I was also wondering whether 404s should be a cache redirect to a canonical 404 page - but maybe that would give us more problems.

catch’s picture

@alexpott so the use case for caching 404s at all is if you have a bad link somewhere (especially an image tag or similar), which isn't handled by the fast_404 handling - then the caching avoids having to build that page every time.

For me personally, I really dislike sites that redirect to a 404 page - if I've mis-typed a URL for example then look up at the address bar to see /404

catch’s picture

Status: Needs review » Needs work

Plus I think if the ttl is set to FALSE we shouldn't make any attempt to cache a 404.

Don't think that's right. If you're using page cache and no reverse proxy, you expect some page caching despite a 0 max_age.
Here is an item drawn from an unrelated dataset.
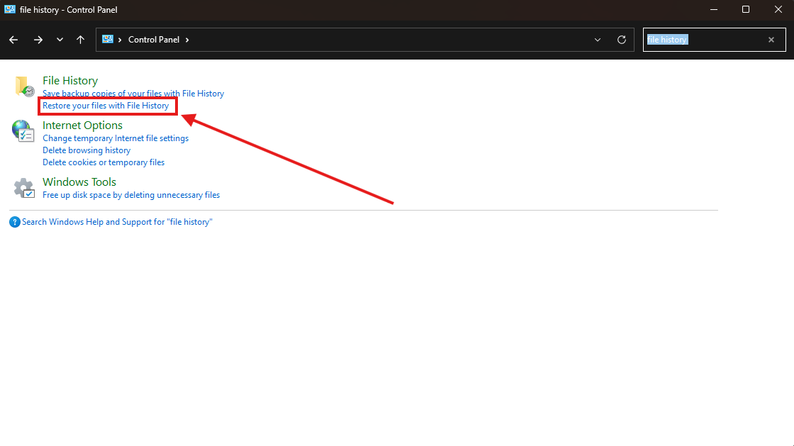 1. To restore data, go to the Control Panel again and type in “file history”, then select “Restore your files with File History”

Going from permament down to an hour is a much smaller change than going from permanent down to 0.

borisson_’s picture

I think this is related to #2472335: Support an independent (shorter) max age for 404/403 responses , while that had a different reasoning, I think the result of that issue is similar to the patch in here.

alexpott’s picture

It discussion with @catch I think we should consider calling this negative cache... see https://en.wikipedia.org/wiki/Negative_cache and http://www.squid-cache.org/Doc/config/negative_ttl/

Also I think rather then futzing stuff in PageCache we should consider setting an expires header in 404 generation.

alexpott’s picture

Also re the redirect idea - I didn't mean to do a page redirect. What I was trying to say is that with 404s we cache the same page over and over again - so should we try to only store one 404 page?

catch’s picture

What I was trying to say is that with 404s we cache the same page over and over again - so should we try to only store one 404 page?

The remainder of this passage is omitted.